Material supplied section start

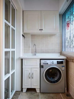 阳台洗衣房比较常见与小户型居室,由于小户型居室一般厨房和卫生间都十分小,再放上洗衣机空间会十分拥堵。如果恰好阳台与厨房或卫生间相连,无妨考虑将洗衣房搬到阳台。还有一种情况是大户型里有双阳台,此刻也能够考虑将其间的一个阳台改形成洗衣房。
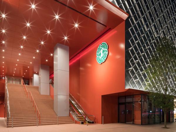 En outre, l'entrée qui attire les regards réussit à créer une atmosphère lumineuse et joyeuse en recouvrant tout, du hall d'entrée à la rue, de vermillon, qui était la couleur de l'ancien Misonoza.
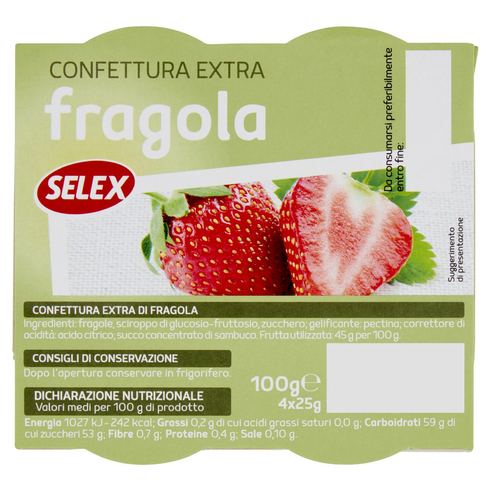 Selex Confettura Extra di Fragole in Monoporzioni 4x25 g
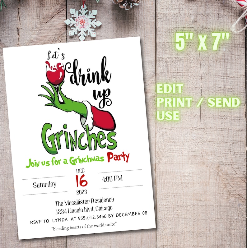 Editable Grinchmas Invitation Grinchmas Christmas Party Invitation
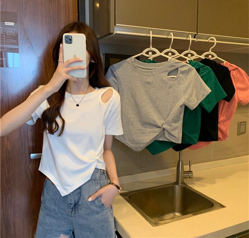 ショートブラウス レディース夏服スリムグリーンTシャツ 夏物 Marchs16795945229
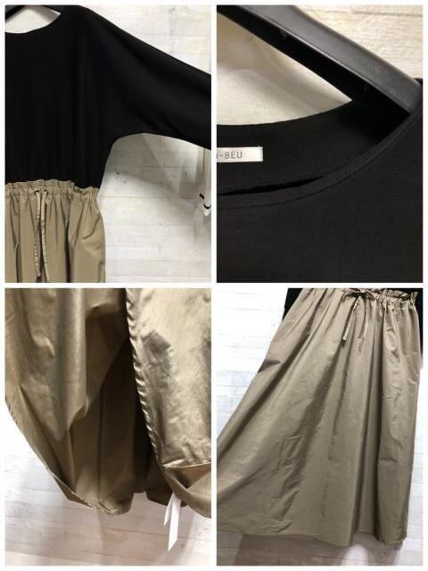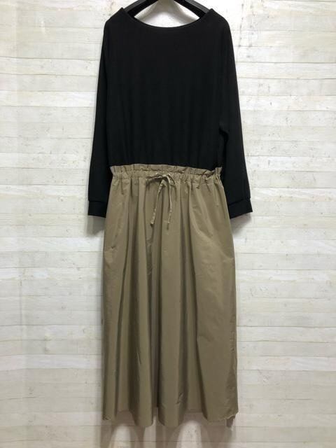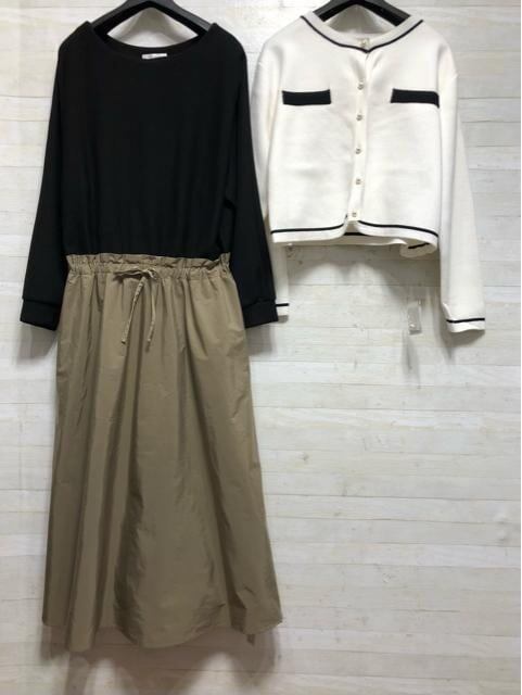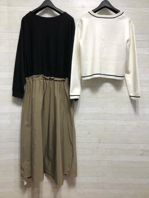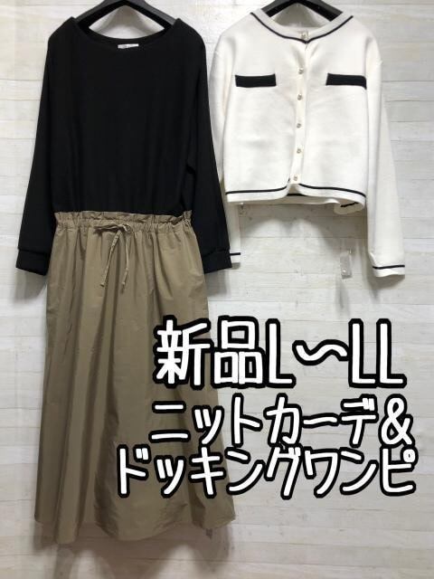 新品☆L~LLニットカーデ&綿混ドッキングワンピース〇A947
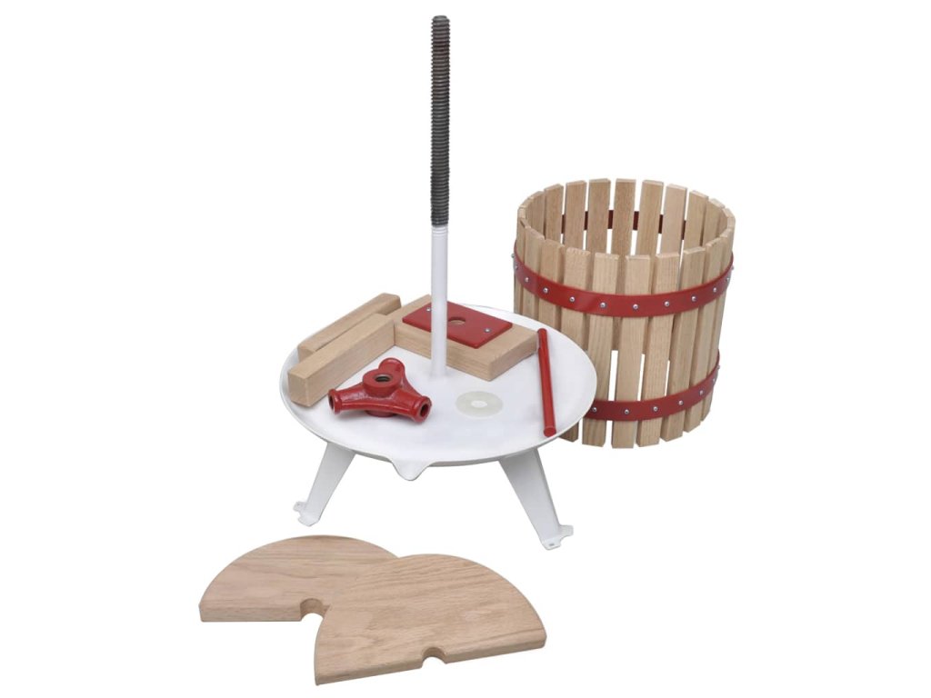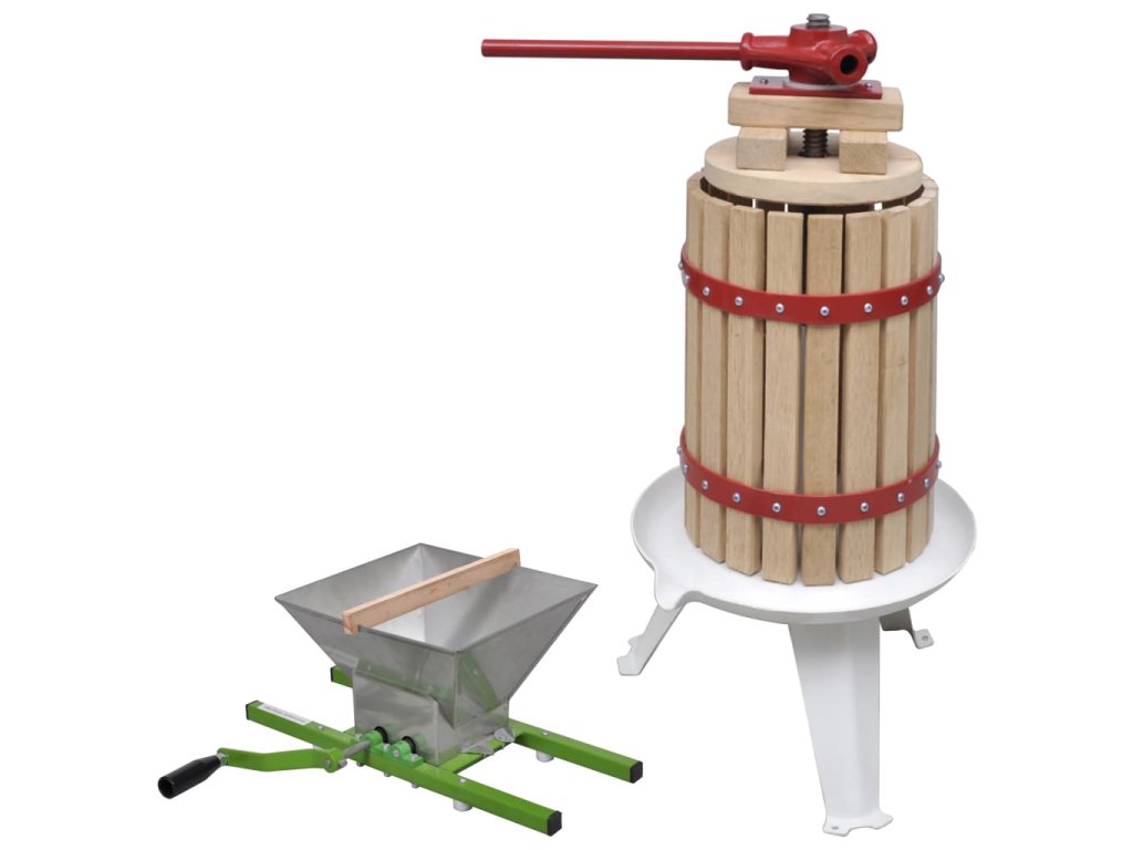Vychutnajte si čerstvo vylisovanú šťavu u vás doma s našou odšťavovacou sadou! Táto ľahko použiteľná sada na lisovanie ovocia a vína vám umožní bez námahy vyrobiť vlastné šťavy na hroznové a jablčné víno! Lis je ideálny na hrozno, bobuľové a iné ovocie. Drvič je nevyhnutný pri drvení jabĺk, hrušiek, broskýň, ananásu a iného tvrdého ovocia.

Material supplied section end

For this exercise, return the data above exactly and leave every picture out.

* Finished task:
 阳台洗衣房比较常见与小户型居室,由于小户型居室一般厨房和卫生间都十分小,再放上洗衣机空间会十分拥堵。如果恰好阳台与厨房或卫生间相连,无妨考虑将洗衣房搬到阳台。还有一种情况是大户型里有双阳台,此刻也能够考虑将其间的一个阳台改形成洗衣房。
 En outre, l'entrée qui attire les regards réussit à créer une atmosphère lumineuse et joyeuse en recouvrant tout, du hall d'entrée à la rue, de vermillon, qui était la couleur de l'ancien Misonoza.
 Selex Confettura Extra di Fragole in Monoporzioni 4x25 g
 Editable Grinchmas Invitation Grinchmas Christmas Party Invitation
 ショートブラウス レディース夏服スリムグリーンTシャツ 夏物 Marchs16795945229
 新品☆L~LLニットカーデ&綿混ドッキングワンピース〇A947
Vychutnajte si čerstvo vylisovanú šťavu u vás doma s našou odšťavovacou sadou! Táto ľahko použiteľná sada na lisovanie ovocia a vína vám umožní bez námahy vyrobiť vlastné šťavy na hroznové a jablčné víno! Lis je ideálny na hrozno, bobuľové a iné ovocie. Drvič je nevyhnutný pri drvení jabĺk, hrušiek, broskýň, ananásu a iného tvrdého ovocia.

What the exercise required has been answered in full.